Methods: A mixed methods two phase pilot study presented existing workforce members (n=179) with video case vignettes and asked them to rate the new cultural considerations domain items. We calculated intraclass correlation coefficients and examined item level variance to explore the inter-rater reliability of the tool and utilized Likert scale questions to understand the content validity. Qualitative, open ended questions asked further questions about content validity and usability. Finally, a subset of participants were invited to participate in affinity based focus groups (POC, multi-lingual, queer identified, white) to explore and member check the results of the pilot test. An advisory board of stakeholders was convened throughout the study period to inform and guide the process.

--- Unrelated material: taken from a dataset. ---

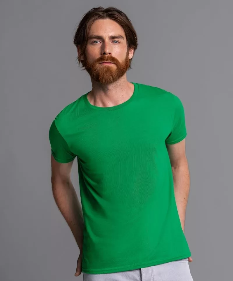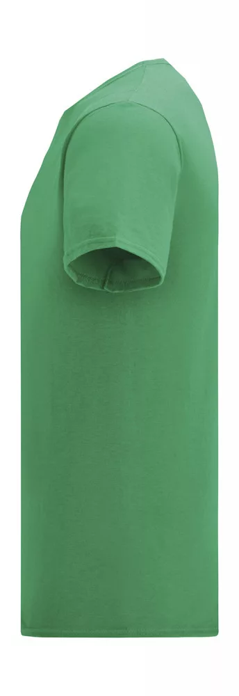 Szűkebb fazonú, kiváló minőségű zöld póló bevarrt ujjakkal és nyakmegerősítéssel
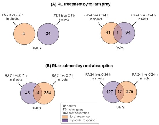 Venn diagrams of differentially accumulated proteins (DAPs) in shoots and roots of B. napus var. Darmor-bzh treated with RLs versus control. Four RL treatment conditions were tested: foliar spray treatment (A) and root absorption treatment (B), during 7 h or 24 h. These experiments were performed on three biological replicates.

Results: The intraclass correlation coefficient (ICC) for the cultural consideration’s domain was .23 for vignette 1 and .24 for vignette 2, indicating poor inter-rater reliability. Conversely, the new items received strong endorsement from participants for face and content validity with over 90% of the participants indicating they agreed or strongly agreed that the items in the domain were clearly worded, the rating scale was clear and applicable, and the items were consistent with the ways in which they viewed cultural considerations in practice.
Focus group data suggests that the low ICC was likely due to: 1.) A hesitation by white identified clinicians to ask clients about culture and identity 2.) A lack of understanding about the role of culture in the delivery and receipt of services primarily, though not exclusively by white clinicians and 3.) A desire not to see “culture” as pathology by queer and BIPOC clinicians.
Conclusions and Implications: Existing assessment tools offer an opportunity to add variables or domains that focus the attention of social work staff on the impact of the social determinants of health on the child and family, however training must accompany the implementation of such measures. Findings suggest that the workforce requires specific instruction on how to ask about culture and identity and how to place the data gathered in the context of service delivery. Finally, clinicians holding marginalized identities may also view the addition of such variables as pathologizing of culture and identity, an issue that should be further explored in research.